On Tarski's axiomatic foundations of the calculus of relations

TL;DR

This paper analyzes Tarski's axioms for the calculus of relations, demonstrating their independence, redundancy, and equivalence under various modifications, thereby clarifying the foundational structure of the system.

Contribution

It shows the independence and redundancy of Tarski's axioms and establishes their equivalence under certain modifications, enhancing understanding of the calculus of relations.

Findings

Tarski's ten axioms are independent.

Replacing one axiom yields an equivalent but redundant set.
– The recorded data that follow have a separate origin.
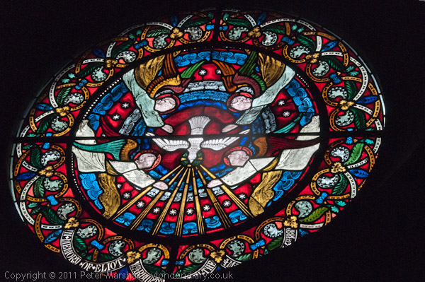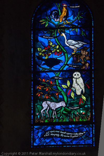 The window 'Nativity' designed by John Piper and given to the chuch by his widow in 1995
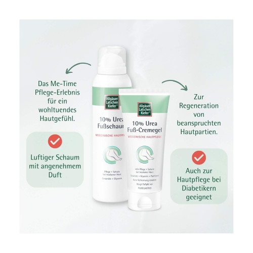 Der Hauptwirkstoff Urea ist ein natürlicher Bestandteil der Haut, der hilft, die Feuchtigkeitsbalance zu erhalten, die Hautwiderstandsfähigkeit gegen Umwelteinflüsse zu stärken und Verhornungen zu reduzieren. Zudem fördert Urea die Hauterneuerung und unterstützt eine glatte und geschmeidige Haut. Besonders für Diabetiker ist diese intensive Feuchtigkeitsversorgung hilfreich, da sie oft unter trockener Haut und reduzierter Hautregeneration leiden.
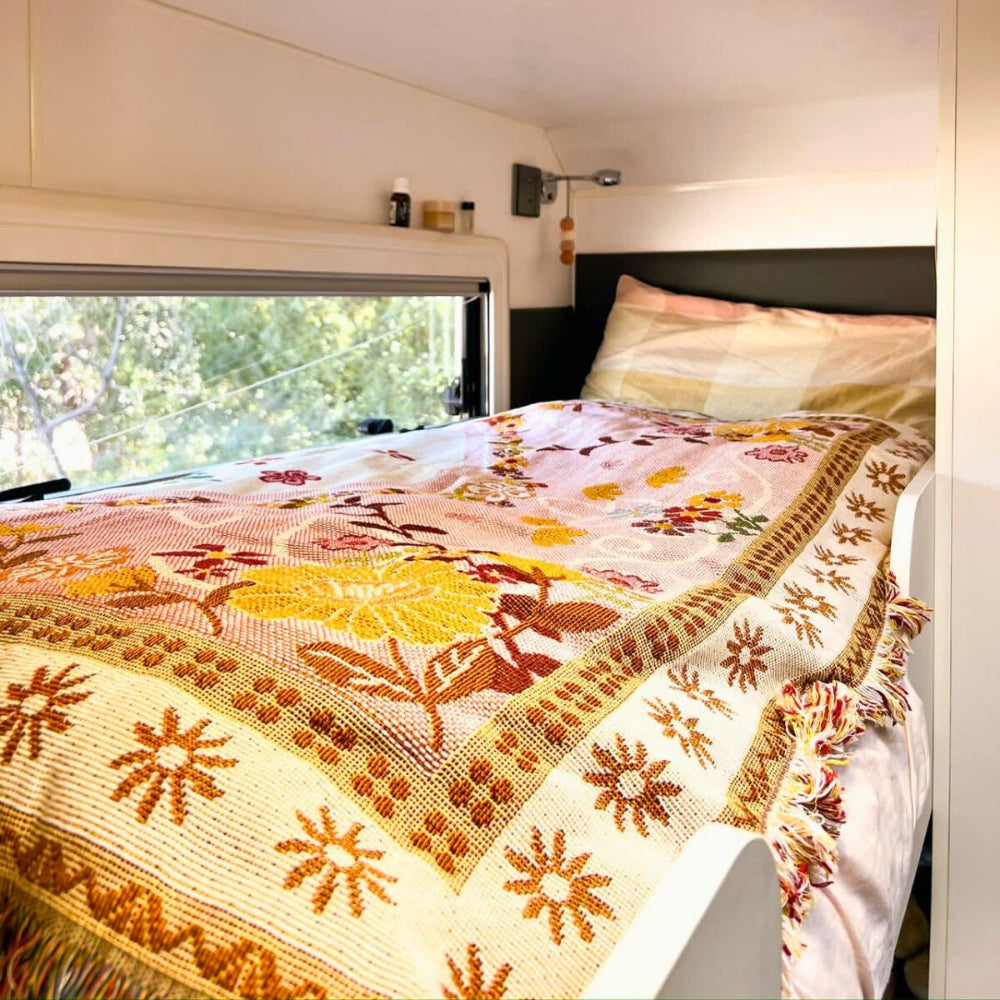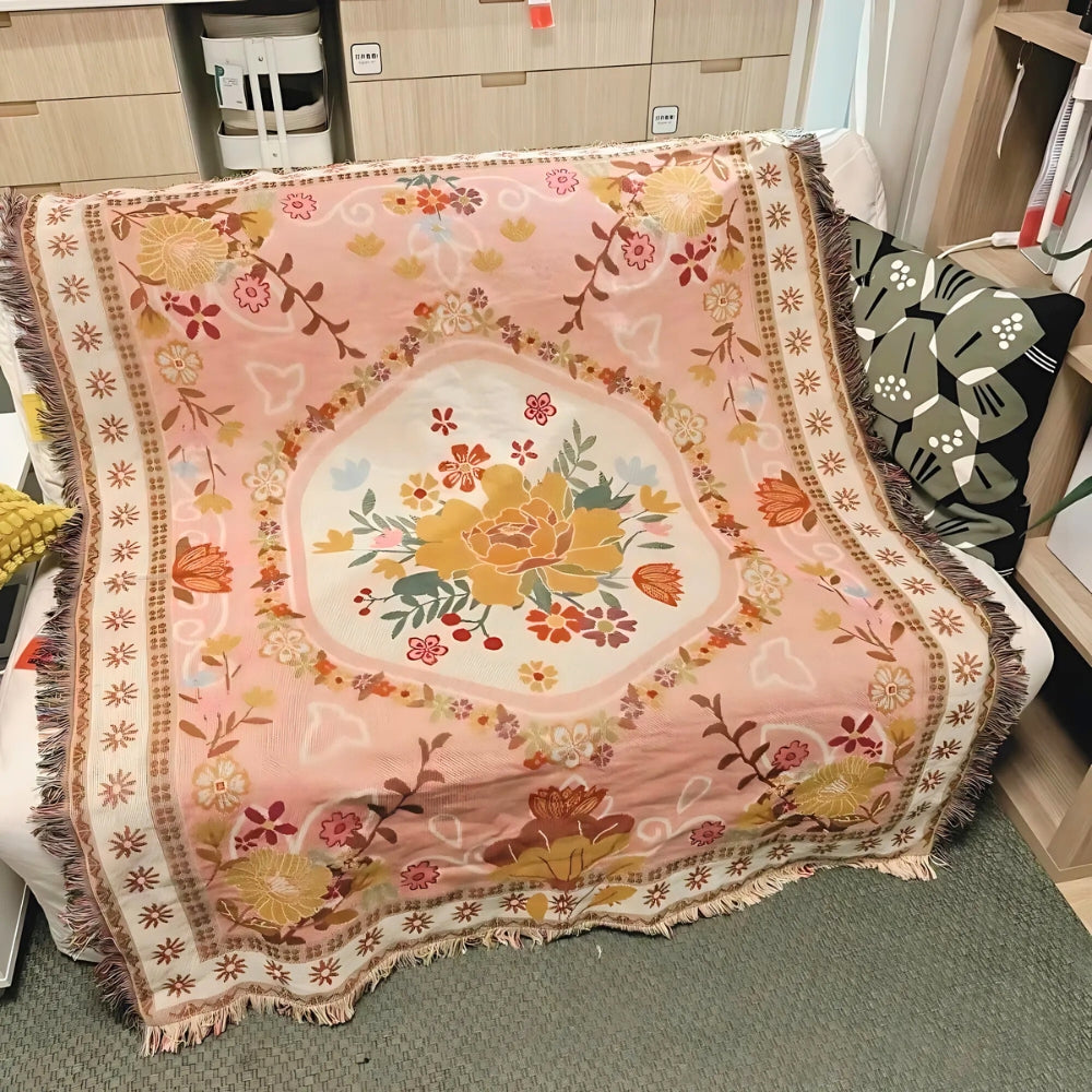Med sina mjuka blommiga toner och jacquardväv är denna helårs filt gjord för avslappnade dagar utomhus. Oavsett om du sätter upp en strandpicknick, stylat baksidan av din van, eller lägger till ett dekorativt lager på din säng, så ger denna resefilt värme, komfort och en touch av boho-romantik vart du än går.
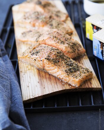 Lachsfilet auf Zedernholzbrett gegrillt
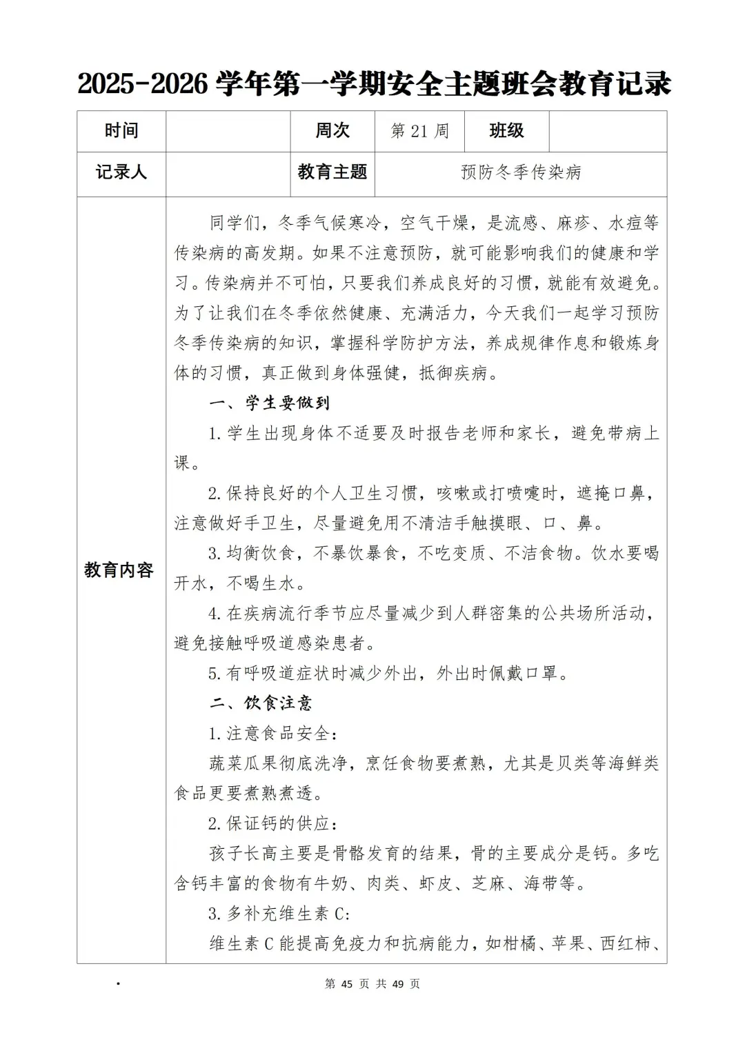> 911 2025-2026学年第一学期安全主题班会教育记录(1-22周)
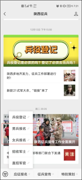 方式二:关注“陕西征兵”公众号,点击菜单栏“应征报名”直通报名页面。

Including both distributive laws makes some axioms redundant.

Abstract

It is shown that Tarski's set of ten axioms for the calculus of relations is independent in the sense that no axiom can be derived from the remaining axioms. It is also shown that by modifying one of Tarski's axioms slightly, and in fact by replacing the right-hand distributive law for relative multiplication with its left-hand version, we arrive at an equivalent set of axioms which is redundant in the sense that one of the axioms, namely the second involution law, is derivable from the other axioms. The set of remaining axioms is independent. Finally, it is shown that if both the left-hand and right-hand distributive laws for relative multiplication are included in the set of axioms, then two of Tarski's other axioms become redundant, namely the second involution law and the distributive law for converse. The set of remaining axioms is independent and equivalent to Tarski's axiom system.